Ir al contenido principal

Implementación en TensorFlow de la red neuronal generativa (WaveNet) enfocada en la generación de texto

Enfocado en el reciente trabajo teórico de Google DeepMind (WaveNet), he desarrollado e implementado una versión en TensorFlow de dicha arquitectura, pero realizando modificaciones para enfocar el diseño en la generación automática de textos (el paper original es: https://arxiv.org/pdf/1609.03499.pdf).

El modelo ideado originalmente por DeepMind fue divulgado con detalle en este artículo: https://deepmind.com/blog/wavenet-generative-model-raw-audio/, y mi implementación del mismo (con las modificaciones necesarias para enfocarlo todo en la generación de texto), se encuentra en el siguiente repositorio de mi cuenta personal en GitHub: https://github.com/Zeta36/tensorflow-tex-wavenet. Se trata como podéis ver, de un desarrollo Python usando el framework de Google, TensorFlow.

Os dejo a continuación toda la información técnica sobre mi trabajo, aunque siento no tener tiempo para traducirlo y simplemente copiaré a continuación la introducción que hice del mismo en inglés:

A TensorFlow implementation of DeepMind's WaveNet paper for text generation.


This is a TensorFlow implementation of the WaveNet generative neural network architecture for text generation.

Previous Work

Originally, the WaveNet neural network architecture directly generates a raw audio waveform, showing excellent results in text-to-speech and general audio generation (see the DeepMind blog post and paper for details).
This network models the conditional probability to generate the next sample in the audio waveform, given all previous samples and possibly additional parameters.
After an audio preprocessing step, the input waveform is quantized to a fixed integer range. The integer amplitudes are then one-hot encoded to produce a tensor of shape (num_samples, num_channels).
A convolutional layer that only accesses the current and previous inputs then reduces the channel dimension.
The core of the network is constructed as a stack of causal dilated layers, each of which is a dilated convolution (convolution with holes), which only accesses the current and past audio samples.
The outputs of all layers are combined and extended back to the original number of channels by a series of dense postprocessing layers, followed by a softmax function to transform the outputs into a categorical distribution.
The loss function is the cross-entropy between the output for each timestep and the input at the next timestep.
In this repository, the network implementation can be found in wavenet.py.

New approach


This work is based in one implementation of the original WaveNet model (Wavenet), but applying some modifications.
In summary: we are going to use the WaveNet model as a text generator. We'll use raw text data (characters), instead of raw audio files, and once the network is trained, we'll use the conditional probability found to generate samples (characters) into an self-generating process.

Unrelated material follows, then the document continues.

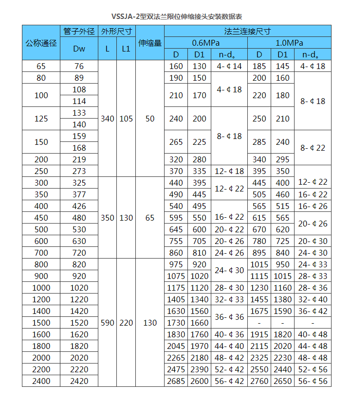 4 材質(zhì)優(yōu)良,運(yùn)行穩(wěn)定。VSSJA-2型雙法蘭限位伸縮接頭適用于輸送海水、淡水、冷熱水、飲用水、生活污水、原油、燃油、潤滑油、成品油、空氣、煤氣、溫度不高于250度的蒸汽和顆粒粉狀等介質(zhì)。

Only printable ASCII characters (Dec. 0 up to 255) is supported right now.

Results


Pretty interesting results are reached!! Feeding the network with enough text and training, the model is able to memorize the probability of the characters disposition (in a lenguage), and generate later even a very similar text!!

For example, using the Penn Tree Bank (PTB) dataset, and only after 15000 steps of training (with low set of parameters setting) this was the self-generated output (the final loss was around 1.1):

"Prediction is: 300-servenns on the divide mushin attore and operations losers nis called him for investment it was with as pursicularly federal and sotheby d. reported firsts truckhe of the guarantees as paining at the available ransions i 'm new york for basicane as a facerement of its a set to the u.s. spected on install death about in the little there have a $ N million or N N bilot in closing is of a trading a congress of society or N cents for policy half feeling the does n't people of general and the crafted ended yesterday still also arjas trading an effectors that a can singaes about N bound who that mestituty was below for which unrecontimer 's have day simple d. frisons already earnings on the annual says had minority four-$ N sance for an advised in reclution by from $ N million morris selpiculations the not year break government these up why thief east down for his hobses weakness as equiped also plan amr. him loss appealle they operation after and the monthly spendings soa $ N million from cansident third-quarter loan was N pressure of new and the intended up he header because in luly of tept. N million crowd up lowers were to passed N while provision according to and canada said the 1980s defense reporters who west scheduled is a volume at broke also and national leader than N years on the sharing N million pro-m was our american piconmentalist profited himses but the measures from N in N N of social only announcistoner corp. say to average u.j. dey said he crew is vice phick-bar creating the drives will shares of customer with welm reporters involved in the continues after power good operationed retain medhay as the end consumer whitecs of the national inc. closed N million advanc"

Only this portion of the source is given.